## DATA BLOCK:
———
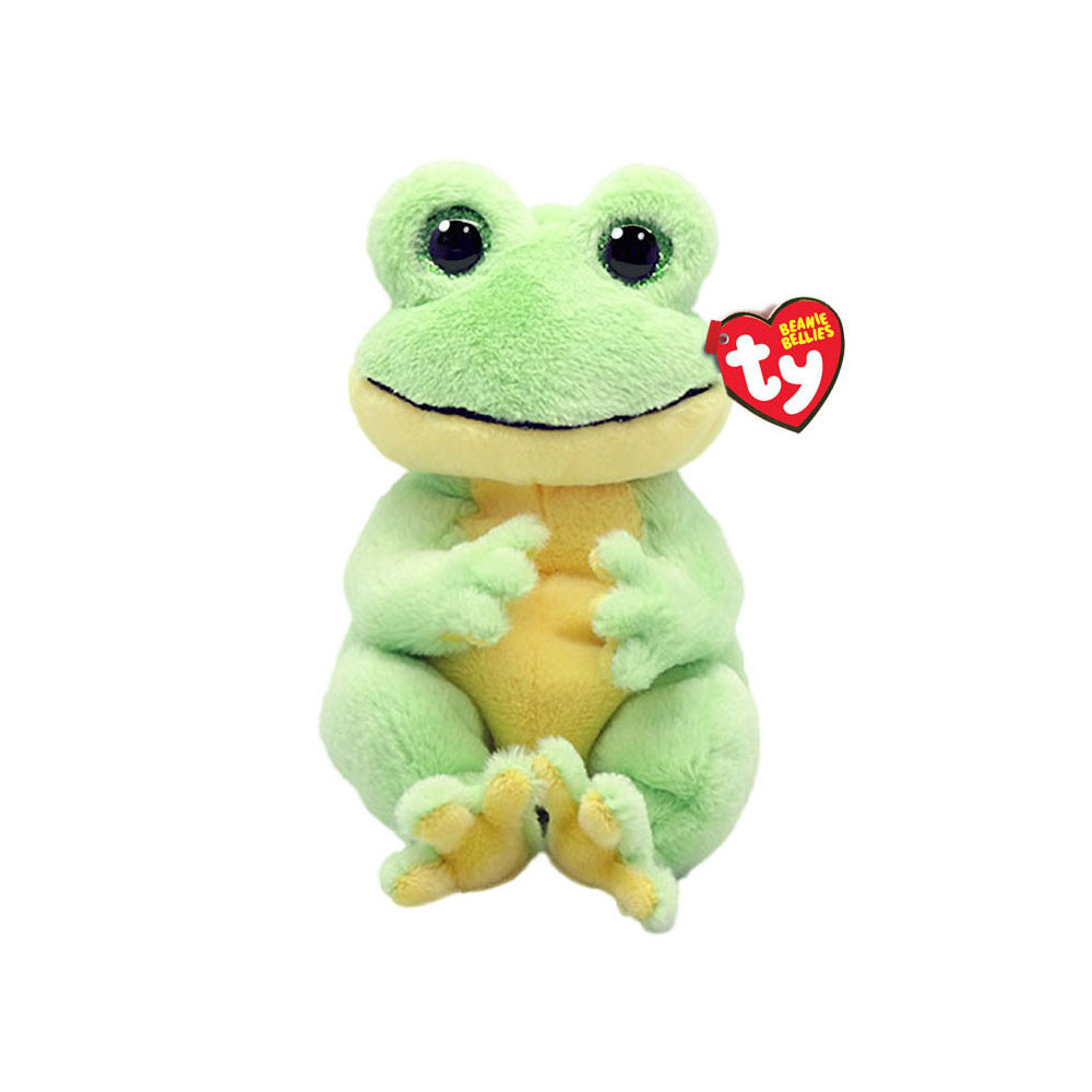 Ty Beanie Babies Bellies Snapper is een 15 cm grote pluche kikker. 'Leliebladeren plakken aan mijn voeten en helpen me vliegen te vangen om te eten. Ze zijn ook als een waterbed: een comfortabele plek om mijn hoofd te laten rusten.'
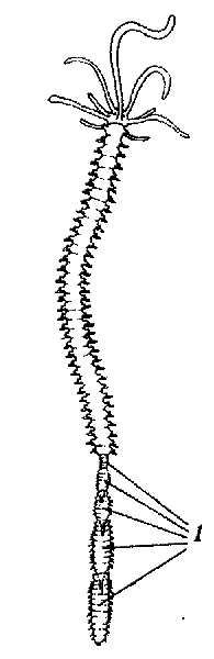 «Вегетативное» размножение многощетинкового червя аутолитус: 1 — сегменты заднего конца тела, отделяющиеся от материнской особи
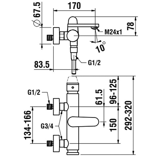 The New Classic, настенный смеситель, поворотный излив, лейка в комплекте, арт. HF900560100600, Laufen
———
## TASK DESCRIPTION:
Quote precisely the lines of the data from the line containing "от материнской особи" through its final line, both included, excluding pictures.

## EXERCISE SOLUTION:
 «Вегетативное» размножение многощетинкового червя аутолитус: 1 — сегменты заднего конца тела, отделяющиеся от материнской особи
 The New Classic, настенный смеситель, поворотный излив, лейка в комплекте, арт. HF900560100600, Laufen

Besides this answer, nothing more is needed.